Strike Three! And Being A Versatile Teacher

I'm on strike today as a member of UCU. My husband decided he couldn't walk past his colleagues on the picket line today, and so despite being on a fixed-term contract and therefore not likely to be able to benefit from union membership, he signed up for UNISON. We stood side by side on the picket line this morning outside college, and I think my students were highly amused to see me there. My hope is that they've seen that, having spent the week explaining why I'm striking, I'm not all mouth and no trousers.

I've been plagued by a black dog for a few days.

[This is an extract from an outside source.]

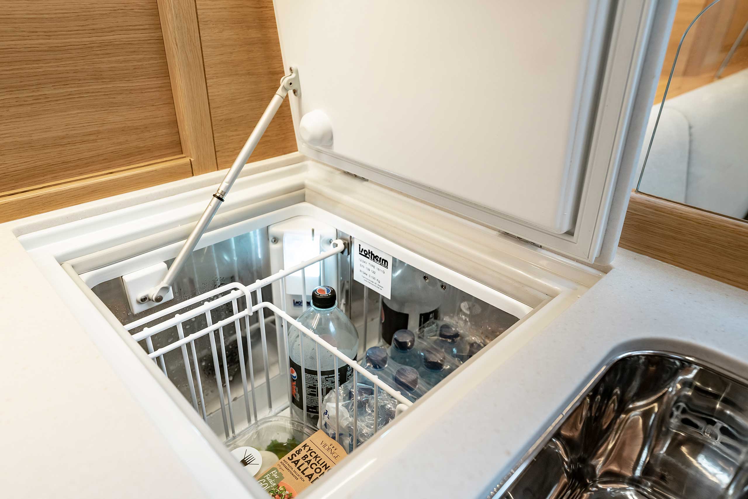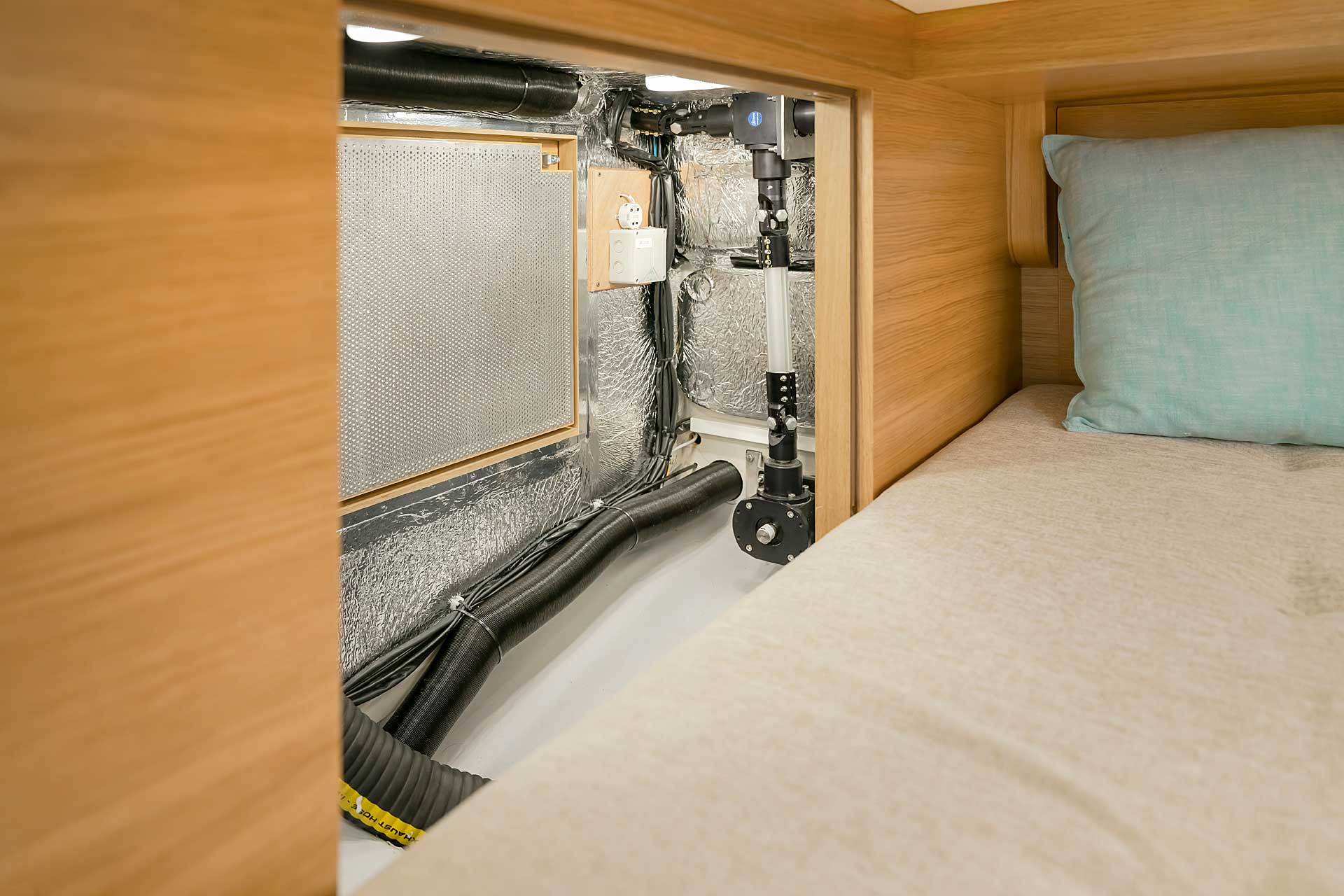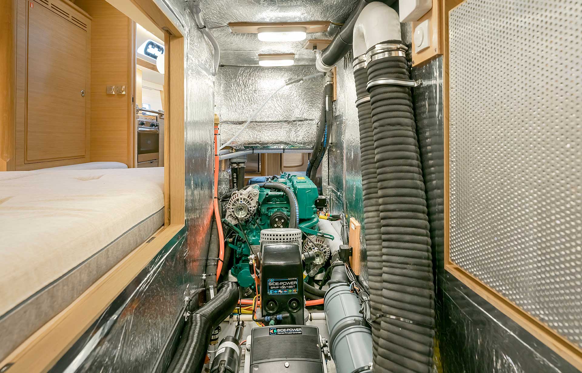 Comfort equipment is available, such as bow- and stern thrusters, and this may be combined with a generator. There are other comfort options such as washing machine, dish washer, or an extra fridge and freezer. Air conditioner and watermaker are also possible.

In my previous jobs I'd have found it impossible to do any work, and would have been mindlessly surfing the net. That isn't an option anymore. Everyone's experience is different, and some find teaching makes it worse, but it's been a life-saver for me. I have to walk into that laboratory and teach, and I have to deal with the students, and I have to get them comfortable enough with the topics that they can cope with the exams and advance to university.

Coming out of the funk, I decided I would call the black dog Fenton. Mainly because when Paul and I see it running wild in my mind, we both sit there and cry "Oh Jesus Christ!"...


I got pissed off with the BBC News - in a story on MPs anger as science proposals are 'rejected', there was the following quote:
A survey published by the Wellcome Trust on Tuesday found too many newly qualified science teachers lacked the specialist knowledge they needed to teach the subject effectively.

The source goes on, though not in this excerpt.